Reference and alternate, as you have stated above, I think is a better nomenclature ... but here's the kicker... the more you think about individual instantiations of human genomes and all the diversity of our species, the less the concept of a "reference" makes means ... There are literally thousands of HLA class I alleles, and the purpose of this diversity is to ensure the survival of the species from myriad pathogenic threats. Why would we call one of these a reference?

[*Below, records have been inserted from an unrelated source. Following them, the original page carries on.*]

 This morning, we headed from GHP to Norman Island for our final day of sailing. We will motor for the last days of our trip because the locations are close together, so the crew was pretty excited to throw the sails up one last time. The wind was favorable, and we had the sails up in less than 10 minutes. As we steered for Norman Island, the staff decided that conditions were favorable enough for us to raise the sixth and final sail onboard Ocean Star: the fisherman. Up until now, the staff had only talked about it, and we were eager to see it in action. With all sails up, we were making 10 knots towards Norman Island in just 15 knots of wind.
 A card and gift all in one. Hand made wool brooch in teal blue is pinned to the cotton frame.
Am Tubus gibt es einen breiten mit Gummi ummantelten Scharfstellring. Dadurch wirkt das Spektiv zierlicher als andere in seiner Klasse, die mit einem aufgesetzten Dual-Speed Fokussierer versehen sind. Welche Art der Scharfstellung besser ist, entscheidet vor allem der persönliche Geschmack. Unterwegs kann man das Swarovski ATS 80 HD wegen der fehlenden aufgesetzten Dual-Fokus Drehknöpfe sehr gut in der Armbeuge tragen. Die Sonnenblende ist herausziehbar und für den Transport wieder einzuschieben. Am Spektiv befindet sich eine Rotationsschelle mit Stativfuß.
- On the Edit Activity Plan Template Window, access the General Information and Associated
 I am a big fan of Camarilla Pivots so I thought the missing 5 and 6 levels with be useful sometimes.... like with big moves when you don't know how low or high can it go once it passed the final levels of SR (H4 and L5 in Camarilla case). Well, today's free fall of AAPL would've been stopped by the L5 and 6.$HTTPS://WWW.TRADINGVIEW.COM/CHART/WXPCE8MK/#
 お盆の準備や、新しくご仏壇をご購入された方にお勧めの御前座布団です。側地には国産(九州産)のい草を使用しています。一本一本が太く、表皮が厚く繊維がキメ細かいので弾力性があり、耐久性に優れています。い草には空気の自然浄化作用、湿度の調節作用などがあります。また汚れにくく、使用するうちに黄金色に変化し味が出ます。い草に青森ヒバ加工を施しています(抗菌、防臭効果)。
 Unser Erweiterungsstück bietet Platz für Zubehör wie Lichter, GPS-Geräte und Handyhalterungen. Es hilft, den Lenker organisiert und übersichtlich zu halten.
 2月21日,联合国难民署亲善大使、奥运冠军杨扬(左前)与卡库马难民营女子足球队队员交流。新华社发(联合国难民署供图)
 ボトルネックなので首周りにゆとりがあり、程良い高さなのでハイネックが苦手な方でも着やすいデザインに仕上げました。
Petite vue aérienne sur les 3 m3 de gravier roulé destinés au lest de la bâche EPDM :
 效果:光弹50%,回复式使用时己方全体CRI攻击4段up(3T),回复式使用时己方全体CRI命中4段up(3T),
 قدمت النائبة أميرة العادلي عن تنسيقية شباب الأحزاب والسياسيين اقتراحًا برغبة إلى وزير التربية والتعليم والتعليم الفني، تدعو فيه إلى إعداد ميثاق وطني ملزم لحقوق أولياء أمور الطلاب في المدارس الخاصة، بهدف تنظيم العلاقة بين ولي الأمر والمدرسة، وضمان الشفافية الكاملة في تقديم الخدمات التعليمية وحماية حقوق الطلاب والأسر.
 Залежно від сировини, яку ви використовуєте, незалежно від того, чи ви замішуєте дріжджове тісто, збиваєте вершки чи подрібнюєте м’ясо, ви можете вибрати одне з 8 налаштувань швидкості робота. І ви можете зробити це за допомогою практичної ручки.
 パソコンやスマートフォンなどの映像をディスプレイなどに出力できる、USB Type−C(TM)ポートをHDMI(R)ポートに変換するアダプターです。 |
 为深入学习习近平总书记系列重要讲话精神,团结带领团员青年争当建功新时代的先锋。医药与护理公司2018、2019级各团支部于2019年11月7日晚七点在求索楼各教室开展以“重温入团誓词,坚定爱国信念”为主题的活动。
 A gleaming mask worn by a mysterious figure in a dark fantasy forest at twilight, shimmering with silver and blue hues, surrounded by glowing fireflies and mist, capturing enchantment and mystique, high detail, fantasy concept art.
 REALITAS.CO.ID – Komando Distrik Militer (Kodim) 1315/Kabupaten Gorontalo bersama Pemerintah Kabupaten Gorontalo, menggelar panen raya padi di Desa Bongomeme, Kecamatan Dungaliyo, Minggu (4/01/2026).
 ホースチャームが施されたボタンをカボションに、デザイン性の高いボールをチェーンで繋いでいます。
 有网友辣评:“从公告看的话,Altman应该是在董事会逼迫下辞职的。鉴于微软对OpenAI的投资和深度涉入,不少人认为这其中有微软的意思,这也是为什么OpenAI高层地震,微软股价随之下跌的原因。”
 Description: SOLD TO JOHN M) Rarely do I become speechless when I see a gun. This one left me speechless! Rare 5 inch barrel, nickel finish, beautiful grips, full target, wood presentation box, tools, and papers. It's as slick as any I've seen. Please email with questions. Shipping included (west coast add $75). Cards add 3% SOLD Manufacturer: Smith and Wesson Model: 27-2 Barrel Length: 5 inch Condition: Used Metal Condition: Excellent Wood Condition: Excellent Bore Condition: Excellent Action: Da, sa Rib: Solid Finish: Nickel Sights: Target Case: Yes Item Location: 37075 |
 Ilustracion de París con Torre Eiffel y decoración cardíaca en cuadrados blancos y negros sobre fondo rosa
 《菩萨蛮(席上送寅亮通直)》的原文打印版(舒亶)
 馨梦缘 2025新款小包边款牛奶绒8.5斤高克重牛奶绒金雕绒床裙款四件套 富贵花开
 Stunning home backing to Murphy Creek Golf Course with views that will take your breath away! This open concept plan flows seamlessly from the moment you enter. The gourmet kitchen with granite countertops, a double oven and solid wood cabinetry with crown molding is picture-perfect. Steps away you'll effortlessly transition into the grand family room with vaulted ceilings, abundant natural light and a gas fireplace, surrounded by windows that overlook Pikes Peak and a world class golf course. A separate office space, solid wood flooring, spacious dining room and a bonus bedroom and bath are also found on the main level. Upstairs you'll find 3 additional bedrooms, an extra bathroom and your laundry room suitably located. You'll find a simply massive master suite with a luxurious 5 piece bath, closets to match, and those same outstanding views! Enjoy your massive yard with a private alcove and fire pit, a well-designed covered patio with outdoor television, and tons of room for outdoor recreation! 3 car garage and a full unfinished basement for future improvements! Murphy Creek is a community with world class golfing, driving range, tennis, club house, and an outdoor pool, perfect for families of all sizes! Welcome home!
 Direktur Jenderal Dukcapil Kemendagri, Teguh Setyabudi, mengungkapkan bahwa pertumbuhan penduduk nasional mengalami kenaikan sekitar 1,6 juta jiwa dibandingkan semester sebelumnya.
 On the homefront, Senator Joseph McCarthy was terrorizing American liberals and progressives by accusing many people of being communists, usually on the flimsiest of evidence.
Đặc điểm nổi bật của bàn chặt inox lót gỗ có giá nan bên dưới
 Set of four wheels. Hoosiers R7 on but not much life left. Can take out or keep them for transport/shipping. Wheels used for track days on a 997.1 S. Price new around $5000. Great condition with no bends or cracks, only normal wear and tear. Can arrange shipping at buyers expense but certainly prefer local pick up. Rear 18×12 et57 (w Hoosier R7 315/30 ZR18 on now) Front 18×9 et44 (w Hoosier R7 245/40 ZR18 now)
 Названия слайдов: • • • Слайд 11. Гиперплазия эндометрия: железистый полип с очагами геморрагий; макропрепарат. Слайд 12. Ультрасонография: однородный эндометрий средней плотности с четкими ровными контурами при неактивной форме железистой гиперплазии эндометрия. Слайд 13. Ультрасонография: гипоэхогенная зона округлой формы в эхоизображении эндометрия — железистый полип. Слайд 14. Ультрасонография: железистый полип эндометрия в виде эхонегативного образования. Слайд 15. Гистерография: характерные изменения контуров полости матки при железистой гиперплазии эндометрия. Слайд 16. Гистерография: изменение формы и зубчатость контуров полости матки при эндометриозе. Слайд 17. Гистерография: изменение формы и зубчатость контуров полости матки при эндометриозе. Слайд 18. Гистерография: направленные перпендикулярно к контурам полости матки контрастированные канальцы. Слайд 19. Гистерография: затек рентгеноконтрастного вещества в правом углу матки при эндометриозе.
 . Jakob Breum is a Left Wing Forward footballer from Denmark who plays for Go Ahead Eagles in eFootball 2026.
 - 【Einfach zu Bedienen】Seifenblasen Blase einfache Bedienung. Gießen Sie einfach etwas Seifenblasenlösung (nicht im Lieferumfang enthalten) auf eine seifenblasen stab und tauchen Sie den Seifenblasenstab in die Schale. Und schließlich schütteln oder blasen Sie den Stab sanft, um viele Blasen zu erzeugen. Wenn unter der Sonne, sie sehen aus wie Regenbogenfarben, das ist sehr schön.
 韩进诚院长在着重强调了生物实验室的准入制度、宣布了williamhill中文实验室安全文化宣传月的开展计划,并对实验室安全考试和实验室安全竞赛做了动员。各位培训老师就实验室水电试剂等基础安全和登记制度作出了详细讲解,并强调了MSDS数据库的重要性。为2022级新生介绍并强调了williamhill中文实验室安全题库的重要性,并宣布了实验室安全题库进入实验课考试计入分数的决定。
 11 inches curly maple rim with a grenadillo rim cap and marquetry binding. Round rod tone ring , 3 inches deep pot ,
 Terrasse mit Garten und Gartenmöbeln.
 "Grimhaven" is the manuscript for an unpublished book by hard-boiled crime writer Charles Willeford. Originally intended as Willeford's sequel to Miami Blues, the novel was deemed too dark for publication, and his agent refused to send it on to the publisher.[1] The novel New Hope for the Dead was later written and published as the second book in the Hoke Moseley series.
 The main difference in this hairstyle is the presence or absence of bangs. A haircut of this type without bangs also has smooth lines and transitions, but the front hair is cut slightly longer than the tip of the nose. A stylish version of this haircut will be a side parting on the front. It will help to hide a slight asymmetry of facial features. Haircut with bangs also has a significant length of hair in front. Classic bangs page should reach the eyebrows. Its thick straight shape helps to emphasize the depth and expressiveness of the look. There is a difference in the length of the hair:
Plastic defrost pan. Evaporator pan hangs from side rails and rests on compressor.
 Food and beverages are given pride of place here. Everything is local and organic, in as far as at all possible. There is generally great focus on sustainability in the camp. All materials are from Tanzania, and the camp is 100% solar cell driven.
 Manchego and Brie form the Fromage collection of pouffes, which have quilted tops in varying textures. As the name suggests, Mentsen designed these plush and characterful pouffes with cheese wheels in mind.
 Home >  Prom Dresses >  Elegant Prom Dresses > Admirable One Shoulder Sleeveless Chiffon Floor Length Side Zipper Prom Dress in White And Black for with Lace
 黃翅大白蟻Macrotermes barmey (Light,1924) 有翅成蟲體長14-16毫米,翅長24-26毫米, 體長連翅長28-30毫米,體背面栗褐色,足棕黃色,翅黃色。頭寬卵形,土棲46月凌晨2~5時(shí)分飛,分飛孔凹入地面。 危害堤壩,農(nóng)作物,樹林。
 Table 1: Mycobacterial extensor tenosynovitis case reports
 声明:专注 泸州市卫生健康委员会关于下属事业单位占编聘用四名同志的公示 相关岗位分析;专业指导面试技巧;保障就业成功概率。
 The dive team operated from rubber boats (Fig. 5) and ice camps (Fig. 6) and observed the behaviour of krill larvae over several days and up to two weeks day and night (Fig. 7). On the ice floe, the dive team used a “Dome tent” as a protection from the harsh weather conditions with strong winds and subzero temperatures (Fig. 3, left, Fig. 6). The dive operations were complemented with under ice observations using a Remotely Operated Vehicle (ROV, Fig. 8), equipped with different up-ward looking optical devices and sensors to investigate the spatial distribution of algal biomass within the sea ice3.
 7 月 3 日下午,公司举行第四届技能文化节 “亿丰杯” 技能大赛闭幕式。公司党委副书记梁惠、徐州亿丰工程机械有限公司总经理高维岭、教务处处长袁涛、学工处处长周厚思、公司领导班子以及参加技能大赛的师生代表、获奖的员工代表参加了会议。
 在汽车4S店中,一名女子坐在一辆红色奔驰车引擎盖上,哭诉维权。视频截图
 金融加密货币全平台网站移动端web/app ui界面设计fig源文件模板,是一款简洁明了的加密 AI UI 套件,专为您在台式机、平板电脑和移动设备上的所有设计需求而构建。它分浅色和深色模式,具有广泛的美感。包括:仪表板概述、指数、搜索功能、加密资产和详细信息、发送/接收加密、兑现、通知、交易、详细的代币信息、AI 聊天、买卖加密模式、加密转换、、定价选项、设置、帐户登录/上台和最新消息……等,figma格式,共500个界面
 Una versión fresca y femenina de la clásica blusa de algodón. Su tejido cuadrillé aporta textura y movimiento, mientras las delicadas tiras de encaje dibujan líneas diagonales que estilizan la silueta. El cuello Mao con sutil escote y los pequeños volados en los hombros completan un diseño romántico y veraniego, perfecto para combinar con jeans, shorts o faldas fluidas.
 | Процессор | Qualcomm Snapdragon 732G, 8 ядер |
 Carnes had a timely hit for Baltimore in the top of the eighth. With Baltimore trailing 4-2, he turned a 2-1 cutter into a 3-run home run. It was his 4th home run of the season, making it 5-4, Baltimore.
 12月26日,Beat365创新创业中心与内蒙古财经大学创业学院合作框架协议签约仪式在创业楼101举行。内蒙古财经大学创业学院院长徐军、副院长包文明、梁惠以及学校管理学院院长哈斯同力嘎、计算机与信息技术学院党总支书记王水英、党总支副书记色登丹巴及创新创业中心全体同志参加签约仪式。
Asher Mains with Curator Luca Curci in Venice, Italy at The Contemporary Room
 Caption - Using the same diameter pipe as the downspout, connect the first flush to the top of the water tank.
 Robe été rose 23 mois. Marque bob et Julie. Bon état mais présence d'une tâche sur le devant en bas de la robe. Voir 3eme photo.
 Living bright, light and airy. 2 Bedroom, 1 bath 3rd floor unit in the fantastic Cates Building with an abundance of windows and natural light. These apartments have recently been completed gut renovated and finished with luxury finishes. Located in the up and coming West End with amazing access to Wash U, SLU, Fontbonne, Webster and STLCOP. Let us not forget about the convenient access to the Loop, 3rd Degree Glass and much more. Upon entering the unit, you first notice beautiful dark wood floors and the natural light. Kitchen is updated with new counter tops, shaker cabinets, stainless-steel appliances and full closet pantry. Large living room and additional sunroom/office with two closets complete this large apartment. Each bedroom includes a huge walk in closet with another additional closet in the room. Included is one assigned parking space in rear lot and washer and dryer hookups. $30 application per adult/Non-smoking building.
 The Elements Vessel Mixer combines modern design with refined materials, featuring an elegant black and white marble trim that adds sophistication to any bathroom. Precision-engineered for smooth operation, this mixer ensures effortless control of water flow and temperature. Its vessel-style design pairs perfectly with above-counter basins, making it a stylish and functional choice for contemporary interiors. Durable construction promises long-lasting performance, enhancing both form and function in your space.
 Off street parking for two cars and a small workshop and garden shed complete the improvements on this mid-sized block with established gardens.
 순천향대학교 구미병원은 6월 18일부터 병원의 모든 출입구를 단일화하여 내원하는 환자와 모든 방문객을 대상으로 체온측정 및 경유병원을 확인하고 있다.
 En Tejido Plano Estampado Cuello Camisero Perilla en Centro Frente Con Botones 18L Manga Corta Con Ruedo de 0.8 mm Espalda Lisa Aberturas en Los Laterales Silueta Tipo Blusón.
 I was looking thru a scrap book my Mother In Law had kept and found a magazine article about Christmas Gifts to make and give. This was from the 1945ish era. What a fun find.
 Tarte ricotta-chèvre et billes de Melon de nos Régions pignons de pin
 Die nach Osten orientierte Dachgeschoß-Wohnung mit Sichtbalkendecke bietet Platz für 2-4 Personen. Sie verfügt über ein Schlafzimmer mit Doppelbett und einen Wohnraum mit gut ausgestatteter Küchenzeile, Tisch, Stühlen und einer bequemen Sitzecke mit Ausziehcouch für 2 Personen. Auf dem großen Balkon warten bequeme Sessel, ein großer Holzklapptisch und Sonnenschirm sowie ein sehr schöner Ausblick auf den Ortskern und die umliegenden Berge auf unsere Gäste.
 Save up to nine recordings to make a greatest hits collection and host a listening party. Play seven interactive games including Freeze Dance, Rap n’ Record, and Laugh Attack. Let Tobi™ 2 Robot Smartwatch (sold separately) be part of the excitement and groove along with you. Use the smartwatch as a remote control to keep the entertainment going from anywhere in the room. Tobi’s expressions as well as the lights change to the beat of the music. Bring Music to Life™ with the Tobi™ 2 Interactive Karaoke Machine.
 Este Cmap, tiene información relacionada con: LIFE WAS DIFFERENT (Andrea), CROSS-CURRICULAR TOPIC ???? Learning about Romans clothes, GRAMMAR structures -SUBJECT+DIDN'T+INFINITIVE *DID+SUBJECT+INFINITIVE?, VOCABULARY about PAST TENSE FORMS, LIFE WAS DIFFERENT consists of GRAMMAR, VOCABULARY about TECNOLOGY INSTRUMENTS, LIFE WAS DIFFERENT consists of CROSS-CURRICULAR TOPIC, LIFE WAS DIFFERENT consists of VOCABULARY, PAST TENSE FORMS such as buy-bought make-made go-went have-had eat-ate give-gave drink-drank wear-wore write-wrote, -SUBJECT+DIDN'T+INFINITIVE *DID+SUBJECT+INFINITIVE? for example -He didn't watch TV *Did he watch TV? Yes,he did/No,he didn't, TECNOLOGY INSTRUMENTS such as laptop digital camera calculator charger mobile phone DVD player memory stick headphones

Shortcomings of the idea of a reference genome:
The reference is missing hundreds of millions of bp of sequence. Our reference genome is based on only 2 Caucasian people. Because these people are of European descent and thus went through a population bottleneck, our reference genome necessarily does not reflect the totality of what is in the larger (human) population. If we still believe the oft quoted "statistic" that "we are 99.9% the same" it might make sense to use one, but recent results don't support that idea. Though there are some reasonable criticisms of this manuscript in Nature Genetics]1, I think nevertheless the authors make some fair points, including about how much information may be missing from our "reference".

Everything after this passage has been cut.